In a column published by The Guardian, former universities minister Chris Skidmore makes the claim that there’s a higher risk for poorer students dropping out if universities shift online. This article—based on a study from 2017—was posted 4 May, 2020 in the wake of the COVID-19 crisis forcing many universities to close and offer fully online courses. This statement was found mostly true.

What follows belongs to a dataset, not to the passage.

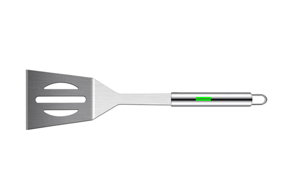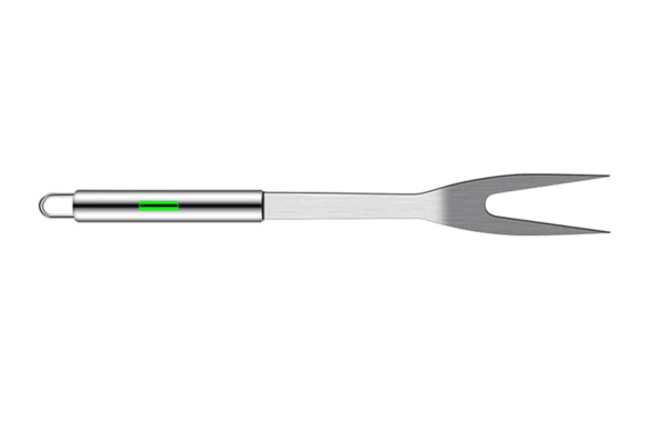 3 pcs stainless steel barbecue set including, spatula, carving fork with protection cover and pair of tongs, stainless steel handles. Packed in aluminium case with handle and hinges.

The article opens by describing the current state of universities as a result of the coronavirus shutting them down, which includes a bailout requested from the government for 2.5 billion euros. Skidmore then projects that the immediate future of universities is online—which could be a solution to the universities’ financial strain. But the cost of online learning at the university level falls on students from disadvantaged backgrounds, in Skidmore’s eyes. He cites and quotes the 2017 study done by Eric Bettinger and Susanna Loeb called “Promise and pitfalls of online education.” Skidmore spends a paragraph on the report, saying that poor students perform worse in online courses and are more likely to drop out of such courses. Then he moves on to his personal, anecdotal experiences as the former universities minister and opinion on how universities should move forward.
In order to verify this claim, it was important to look first at the source cited in the article. Nowhere within the study by Bettinger and Loeb are the words “poor” or “disadvantaged backgrounds” used to describe the students being discussed in the article. Instead, the authors use the term “least well-prepared” where Skidmore used the term “disadvantaged backgrounds.”

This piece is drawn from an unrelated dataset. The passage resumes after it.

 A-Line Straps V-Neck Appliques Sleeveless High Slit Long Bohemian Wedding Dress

The highlighted texts show where (in yellow) Skidmore uses the study to back up his claim about students from disadvantaged backgrounds. The next quote, from from the study, shows where (in blue) the phrase is used to describe the students is “least well-prepared.”
Using the term “least-well prepared” covers a very broad category of students. Of course, this could include students from disadvantaged backgrounds, but since the authors did not specify, we cannot be completely sure this is the group they were referencing. To base the whole article off of this small section of the study and change the label of the students being discussed is a bit of a reach, even though Skidmore does make good points later in the article. It is also important to note that Skidmore’s only source is by academics from the United States. The concept of online learning is universal, but there are still distinct differences in the education systems in the United States and the UK.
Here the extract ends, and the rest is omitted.